Statistical Modelling using Python

Statistical modelling is a form of mathematical modelling that involves statistics to estimate or predict real-world behaviours, trends, and future outcomes based on data. It involves the construction of a statistical model, which is a formal representation of relationships between variables, typically expressed in the form of mathematical equations. So, if you want to learn how to perform statistical modelling, this article is for you. In this article, I’ll take you through the task of statistical modelling using Python.

What is Statistical Modelling? And How It’s Different From Machine Learning Model Training?

Statistical modelling is a mathematical framework used to describe the relationships between variables in the form of equations, usually involving stochastic elements (randomness). It is primarily focused on inference, which means understanding the relationships between variables and quantifying how certain factors influence outcomes.

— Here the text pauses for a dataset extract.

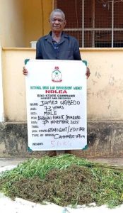 It added: “A 73-year-old grandpa James Ugbedo was on Friday, November 7 arrested in a cannabis plantation at Igbeshi forest, Imiakebo, Etsako East LGA, Edo state where 1,459.75kg skunk was destroyed and 5.6kg of same substance evacuated.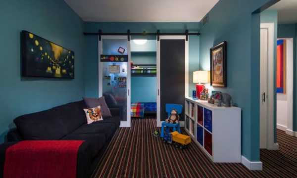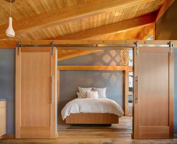 Отличный вариант оформить раздвижными дверьми места для сна, которые можно спрятать.

Statistical models are built based on assumptions about the data distributions and the nature of the relationships between variables. Common examples include linear regression, logistic regression, and analysis of variance (ANOVA).

The difference between statistical modelling and machine learning model training is that statistical modelling is primarily concerned with inference. It seeks to understand the underlying relationships between variables and to quantify how predictors influence the response variable. It often tests hypotheses about these relationships.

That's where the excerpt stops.